Activity -
No line before the one holding "All great examples" is wanted; restate word for word that line and all lines after it to the end of the entries, excluding pictures.

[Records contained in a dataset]
=== Section Start ===
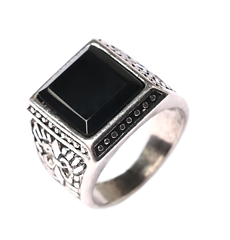 Square black engraved real stone sterling plated ring BRX028 vintage style jewel
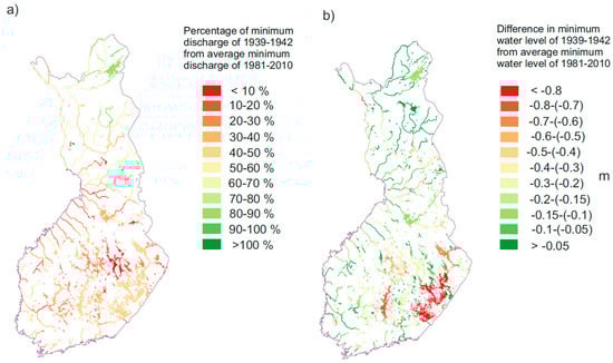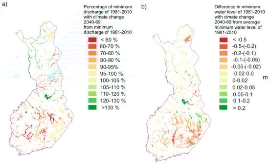 Minimum (a) discharge (%) and (b) water level (m) in Finland under the reference drought conditions compared to the average annual minimum of the control period 1981–2010.
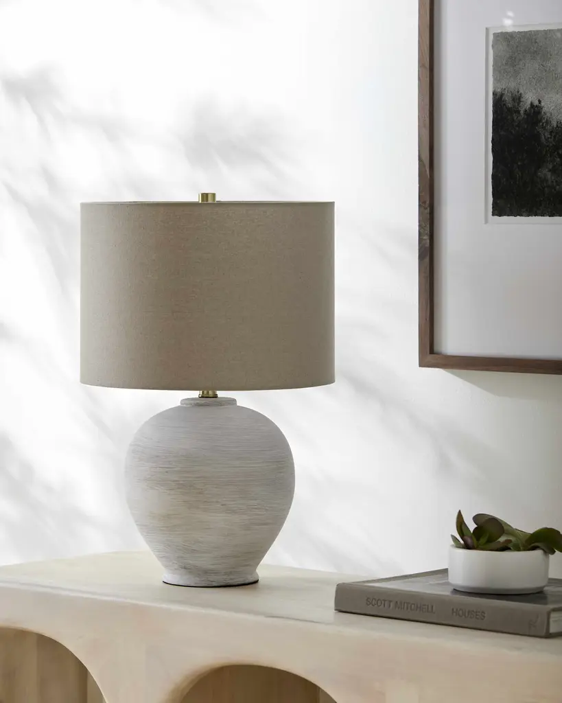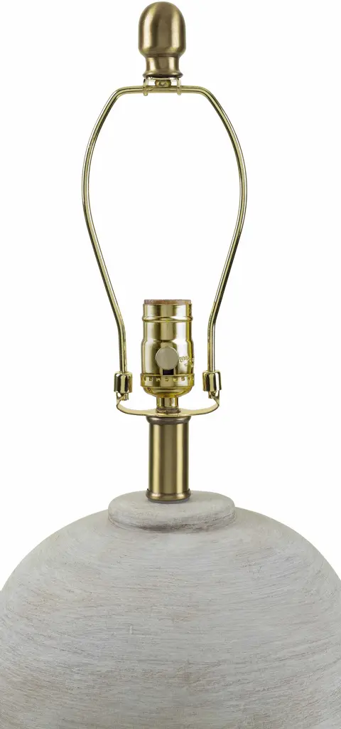 Collection: Anglesola Colors: Cream, Beige, Metallic - Brass, Translucent Material: Body: Ceramic / Shade (Outside): Linen / Shade (Inside): Polyester / Finial: Iron Styles: Traditional Made In: China Lighting Type: Accent Table Lighting Shade Material: Linen, Polyester Shade Color: Beige, Beige Cord Length: 6' Switch Type: 3-Way Number of Bulbs: 1 Socket Type: E-26 Bulb Wattage: 100W
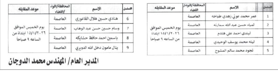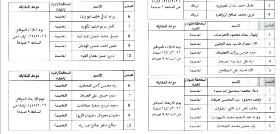 الوقائع الإخباري :دعت دوائر حكومية اليوم الاثنين، التالية أسماؤهم لاجراء المقابلة الشخصية.
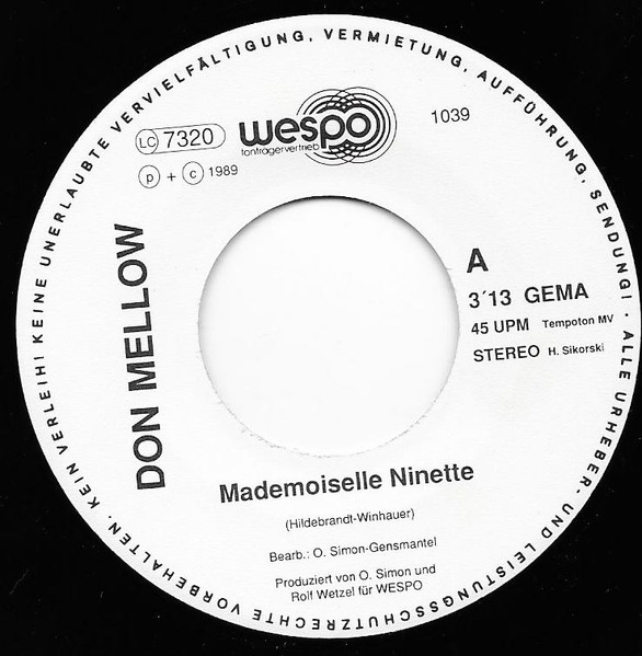 Vinyl / Don Mellow - Mademoiselle NInette
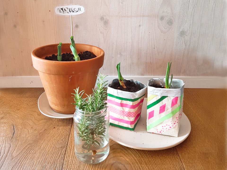 Damit das Gärtnern in Corona-Zeiten trotzdem zum Erfolg wird, haben wir einige Gemüsepflanzen aus Gemüseresten und Kräuter in Gläsern, Schüsseln und Recyclingmaterial (z.B. Eierkartons, Getränkekartons oder Klopapierrollen) auf der Fensterbank selbst gezogen.
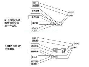 圖6電源和接地的第一種和第二種策略。注意,第二種要盡可能地將噪聲與敏感電路分開。
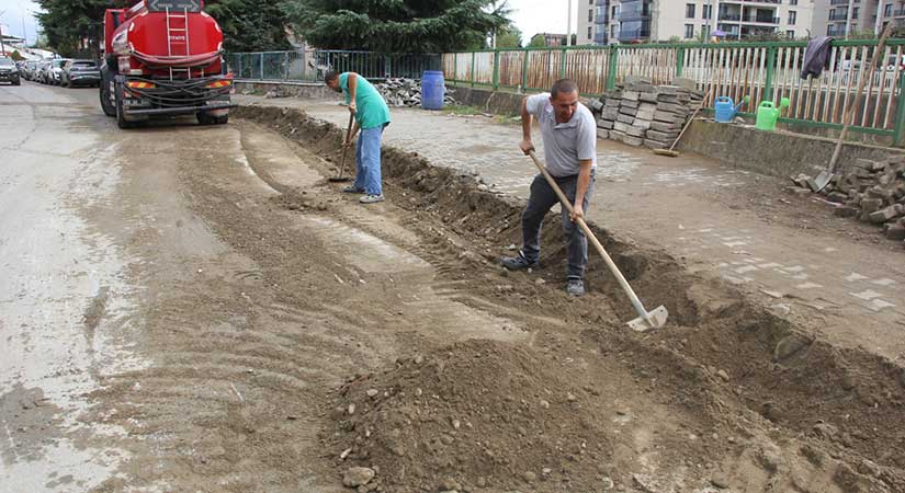 Çalışmalar kapsamında, farklı mahallelerde yol ve kaldırım düzenlemeleri yapılıyor.
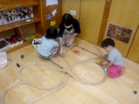 このところ、連絡帳に「動きがダイナミックになって怪我が心配です!」「一時も止まっていません」「体力おばけです」というような記載が増えてきました。3歳になる、または向かっていく子どもたち、体も大きくなりこれからどんどん体を大きく使えるようになっていきます。保育園でも運動遊びで楽しみながら体作りをしていますが、同時にこの時期は、視覚からの情報を手指に伝えて細かな操作をする遊びも大切です。心を落ち着けて自分をコントロールして丁寧に体を使っていくことは、怪我を防いだり、じっくり自分と向き合うことにも繋がります。最近の子どもたちの大好きな遊びをご紹介します!
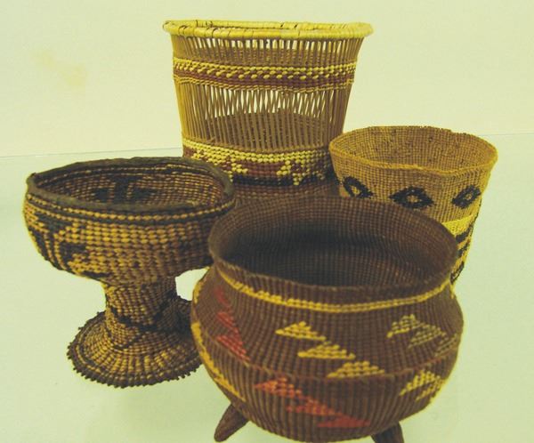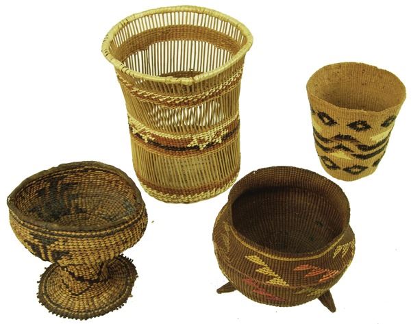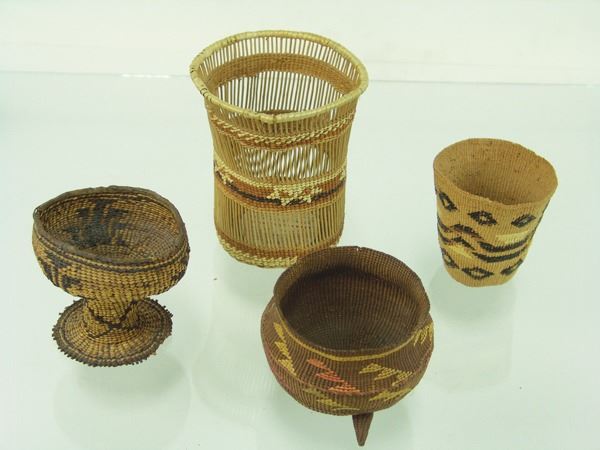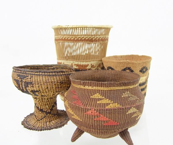 All great examples in good/very good condition including a pit river pedestal, a Hupa open work cylinder, rare Tlingit kettle, and fine Tlingit cylinder.Early/Mid 1900sTallest 6-1/2"
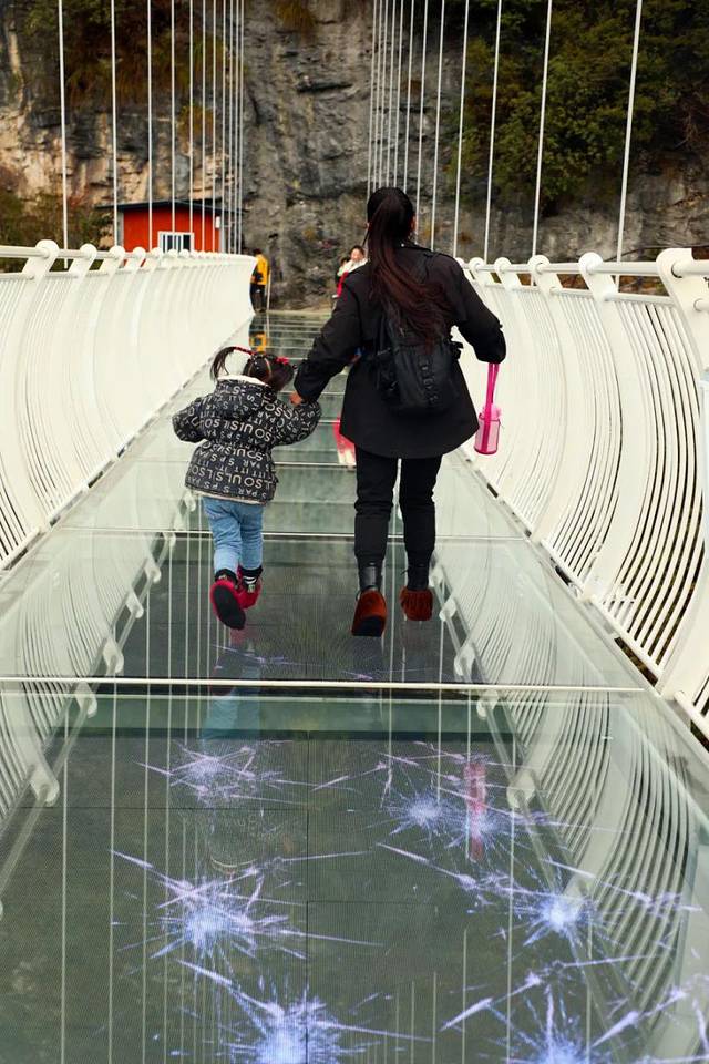 据了解,这里新增了玻璃桥面的5D特效,有玻璃桥面5D裂缝、花朵等多种特效,解锁玻璃桥的新玩法。现在的玻璃桥不仅是钢索玻璃桥,更是与大家互动的、有温度的长空天际线,一定要来体验哟~
=== Section End ===
Exercise result -
 All great examples in good/very good condition including a pit river pedestal, a Hupa open work cylinder, rare Tlingit kettle, and fine Tlingit cylinder.Early/Mid 1900sTallest 6-1/2"
 据了解,这里新增了玻璃桥面的5D特效,有玻璃桥面5D裂缝、花朵等多种特效,解锁玻璃桥的新玩法。现在的玻璃桥不仅是钢索玻璃桥,更是与大家互动的、有温度的长空天际线,一定要来体验哟~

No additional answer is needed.